Berbeda dengan UN pada tahun sebelumnya yang tidak ada ujian ulang bagi siswa yang tidak lulus, pada tahun ini ada ujian ulang bagi siswa yang tidak lulus pada ujian pertama.
Ujian Ulang akan dilaksanakan pada minggu pertama bulan April. Yang yang baru lagi dari pelaksanaan UN tahun ini adalah adanya sistem Cluster. Selama ini pelaksanaan UN oleh sekolah masing-masing dan hanya pengawas yang disilang murni. Tahun ini maka siswa dalam satu Cluster (mungkin kecamatan) terdiri atas 4 sekolah digabung menjadi satu. Dalam satu ruangan 20 orang terdiri dari 4 sekolah (masing-masing 5 orang). Ini berarti kembali ke Kurikulum 85 dimana siswa disilang murni.
Ada beberapa keuntungan dari pelaksanan UN tahun ini, dimana siswa yang tidak lulus pada tahap pertama masih dapat mengulang pada UN ulang.
Sistem cluster yang akan dilaksanakan jika tidak disosialisasikan sejak dini akan menjadi masalah di lapangan.
Orang di Jakarta tidak pernah berfikir tentang daerah-daerah yang sulit, mungking mereka juga tidak terbayangkan dengan dua sekolah dalam satu Kecamatan yang jaraknya mencapai 10 km. Bagaimana siswa dapat mencapai tempat ujian dengan baik, mereka akan kesulitan, apalagi untuk daerah-daerah yang sulit di jangkau dengan kendaraan darat, seperti di Sumatera Selatan.
Sistem Cluster juga harus dibayar mahal karena siswa aharus mengeluarkan ongkos ekstra untuk mencapai tempat ujian.
Sistem Cluster menurut saya bukanlah cara yang bijak, dan dapat ditinjau ulang dengan melihat kondisi masing-masing daerah di Indonesia.
Hal yang menjadi pertentangan di masyarakat adalah hasil UN yang dijadikan sebagai alat untuk menghakimi siswa lulus tidak lulus.
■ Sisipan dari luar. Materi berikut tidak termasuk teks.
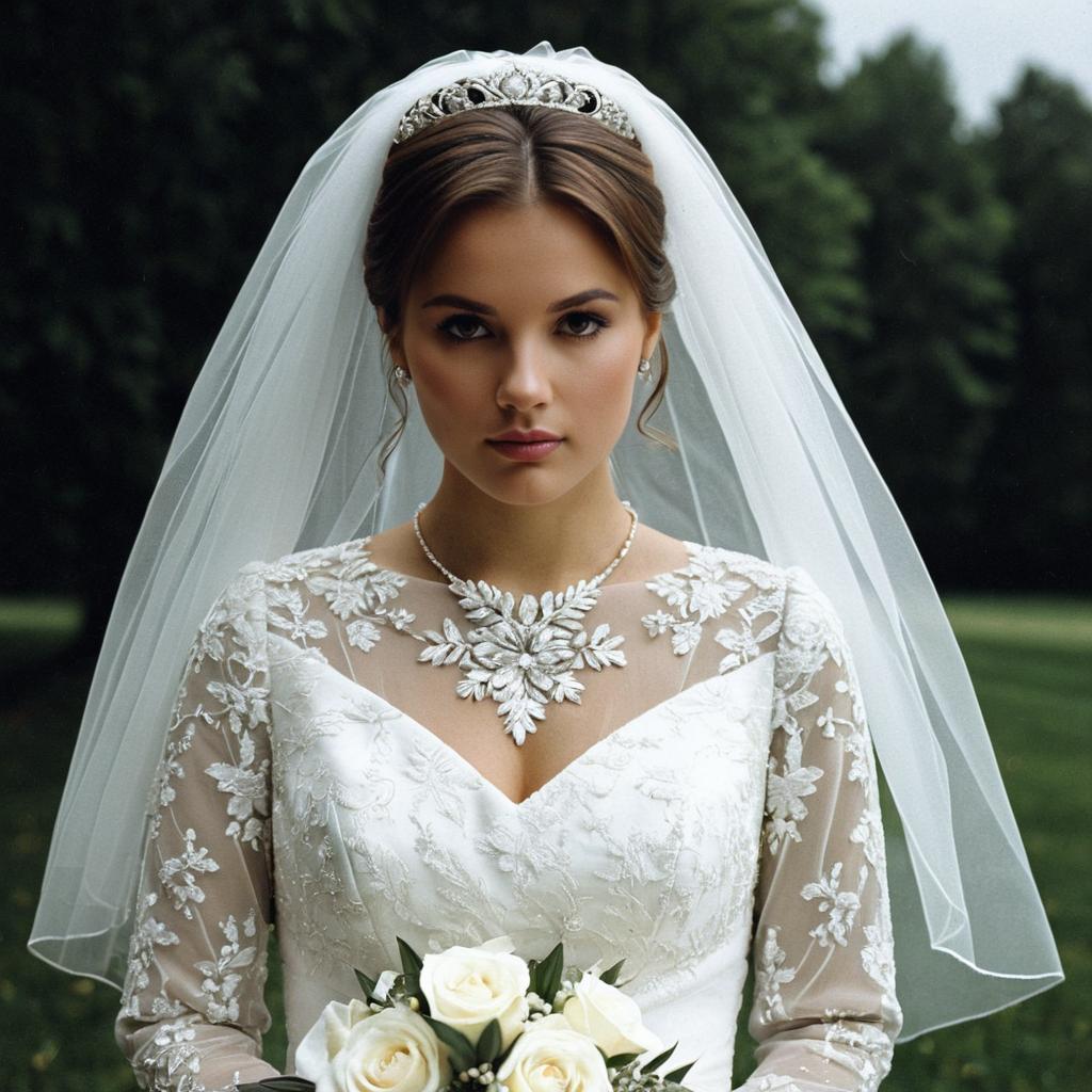 Vintage wedding gowns,1girl, solo, dress, realistic, white dress, brown hair, brown eyes
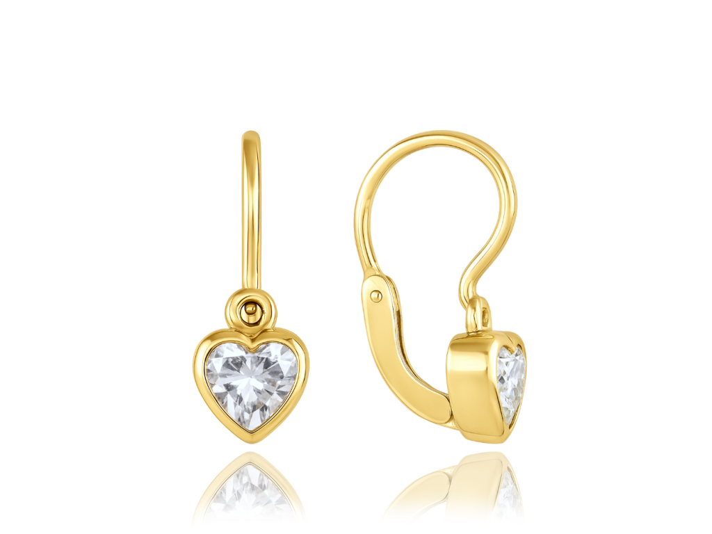 MINET Dětské zlaté náušnice s předním zapínáním srdíčka s bílými zirkony Au 585/1000 1,15g
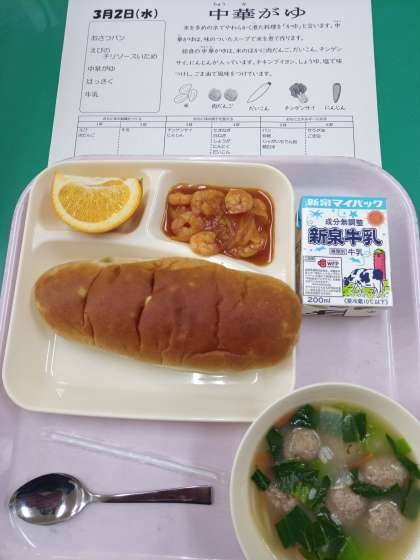 本日の給食メニューは
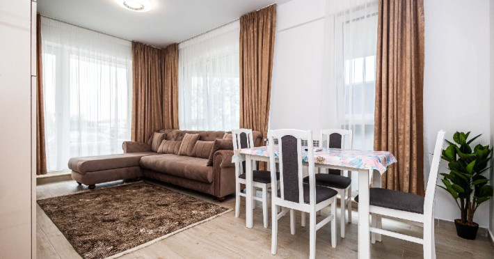 Apartamentul este spatios , oferind acces direct la o terasa privata cu masa si scaune, perfecta pentru momente de liniste in aer liber. Designul modern si atmosfera primitoare contribuie la o experienta de cazare placuta.
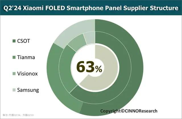 2024年第二季度,小米柔性OLED手机面板供应商中,TCL华星一家就占到了62.6%。三星占比,已降至5.3%。
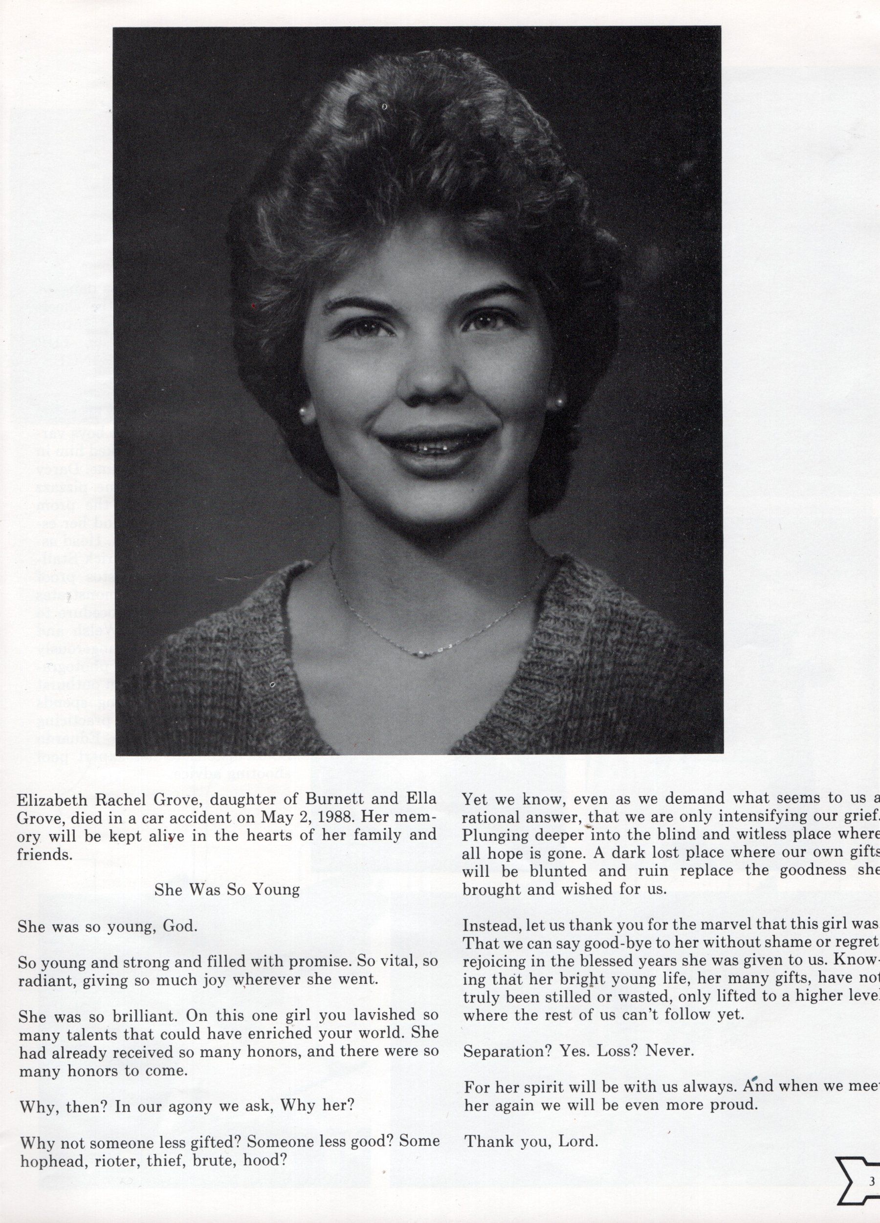 The Class of 1989 Central Valley High School Yearbook, titled "Valiant", was produced by Annual Staff students. This yearbook was dedicated to Elizabeth Rachel Grove, who died in a car accident in 1988.
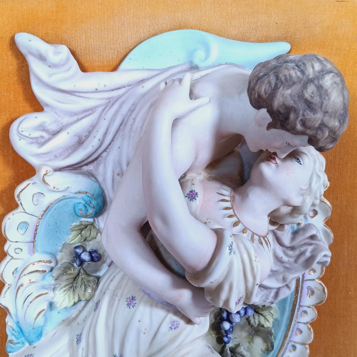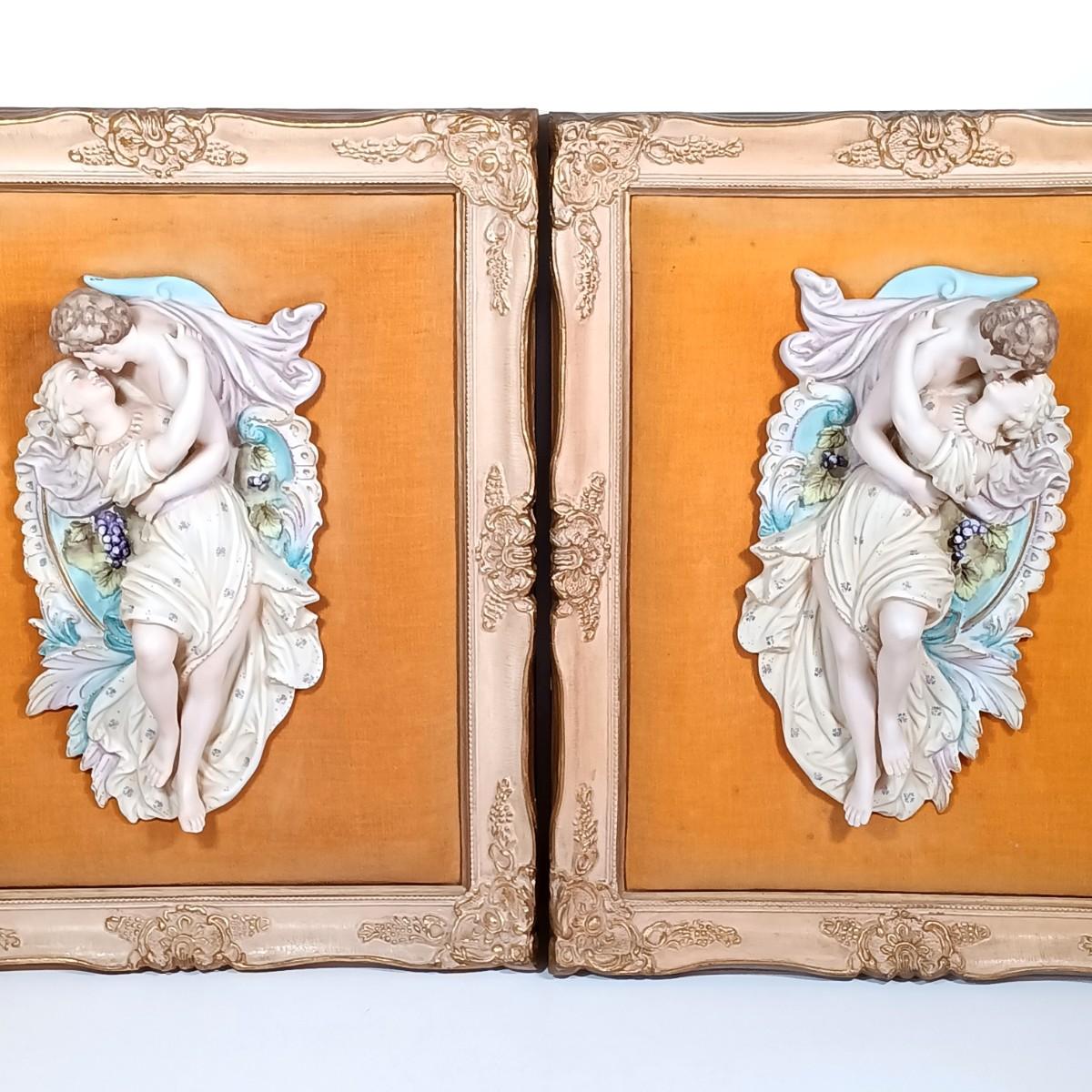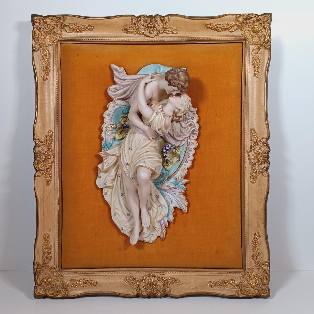 LOT 29: Vintage Porcelain Lovers Reliefs on Framed Velvet Backdrop
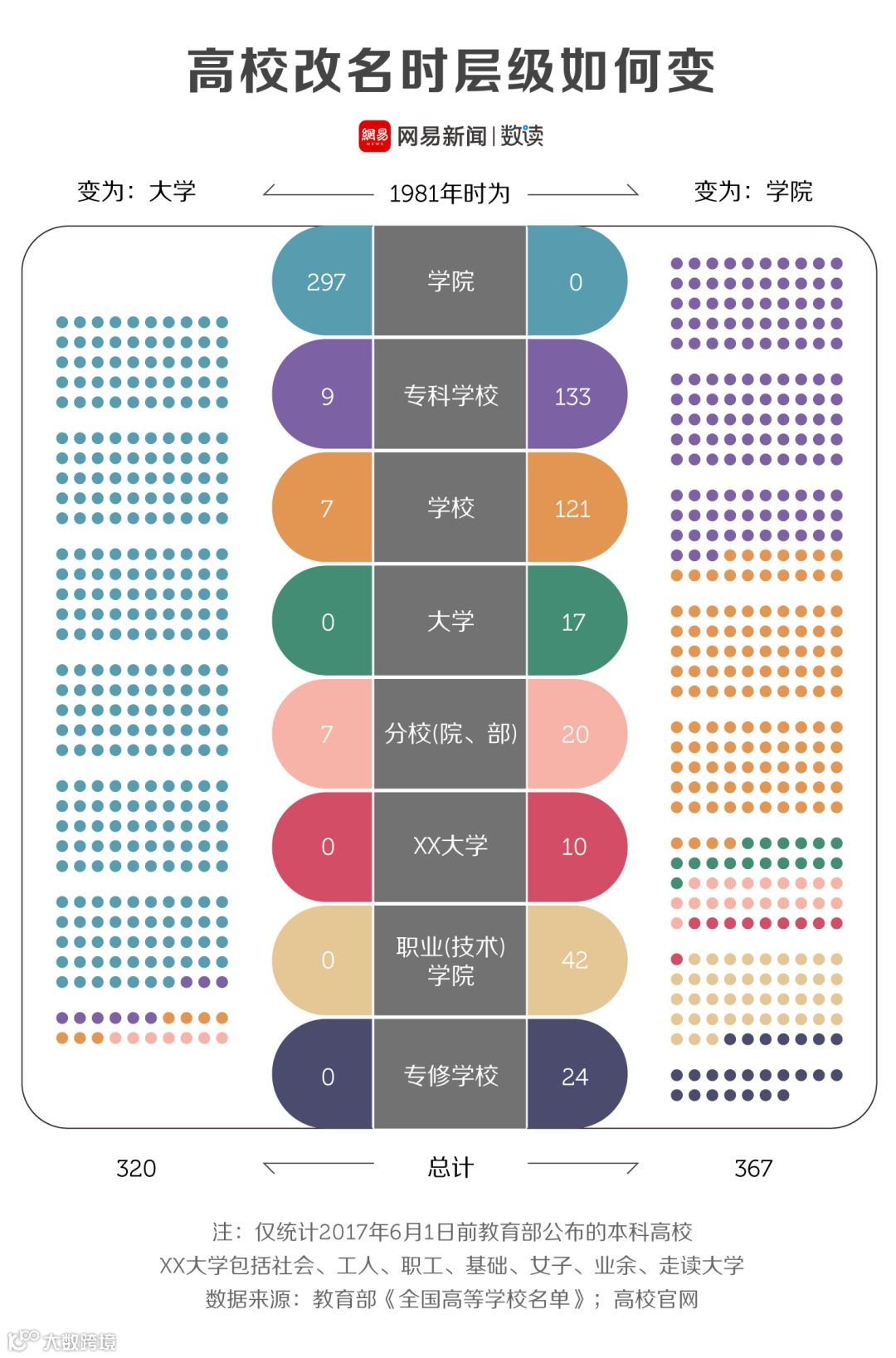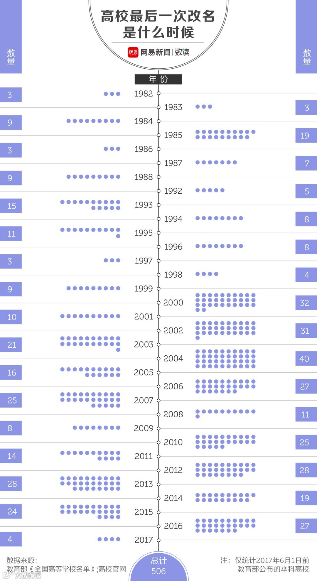 这意味着,从1981年到2017年,仅有125所大学的校名传承至今。
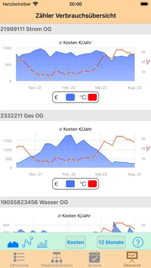 - Grafische Zähler-Übersicht aller Zähler mit Verbrauch: 6 Monate, 12 Monate, Alle Daten.
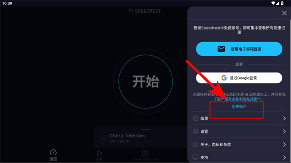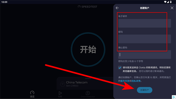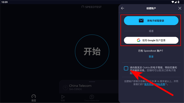 3、選擇注冊方式,如用電子郵箱登錄,并根據(jù)需求勾選是否接收Ookla的電子簡報等信息。
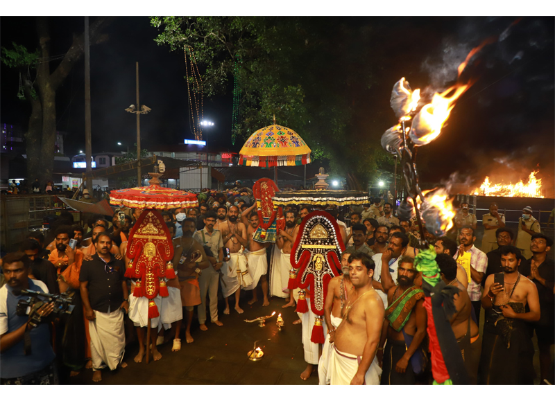 konnivartha.com: മകരവിളക്ക് ഉത്സവത്തോടനുബന്ധിച്ച് മണിമണ്ഡപത്തിൽ കളമെഴുത്തിനും മാളികപ്പുറത്തു നിന്ന് പതിനെട്ടാം പടി വരെയുള്ള നായാട്ടു വിളിക്കും വിളക്കെഴുന്നള്ളിപ്പിനും തുടക്കമായി. മകരവിളക്ക് മുതൽ അഞ്ചു നാൾ മാളികപ്പുറത്ത് നിന്ന് സന്നിധാനത്തേക്ക് എഴുന്നള്ളിപ്പ് ഉണ്ടാവും. ആദ്യദിനത്തിലെ എഴുന്നള്ളിപ്പ് 14ന് രാത്രി 10:30ന് വാദ്യമേളങ്ങളുടെ അകമ്പടിയോടെ സന്നിധാനത്ത് എത്തി മടങ്ങി.

Hal ini mengakibatkan praktek-praktek kecurangan di lapangan, seharusnya tidak demikian.
Ada sebuah kata yang terlempar dari seorang guru dilapangan : "Berapa standar angka kelulusan yang menteri pesan, kami akan penuhi, 7, 8, 9 atau 10", katanya.
Pernyataan bahwa UN dapat menjadi indek dan indikator kemajuan pendidikan Indonesia adalah sebuah "isapan jempol".
Sebaiknya kelulusan tetap diberikan kepada sekolah, seperti yang dilakukan dulu, sehingga dapat menekan praktek-praktek kecurangan di lapangan.
Jika benar tahun ini yang menjadi pengawas di lapangan adalah pihak perguruan tinggi, ini juga sama seperti tahun sebelumnya. Kecurangan masih akan tetap terjadi. Kecuali, jika soal UN benar-benar dijaga oleh pihak PT setiap saat. Atau soal baru dibagian ke setiap sekolah pada saat mau ujian oleh pihak PT.
Jika tidak, maka biaya milyaran yang dikeluarkan setiap tahun hanya sia-sia.
Mari kita berkaca, carut marutnya pendidikan karena tidak mau tahu, pemerintah mengambil kebijakan, pemprof mengambil kebijakan, pengkap mengambil kebijakan. Kami di lapangan sebagai guru juga akan mengambil kebijakan karena Pak Menteri juga berpesan lulusan harus 5,5.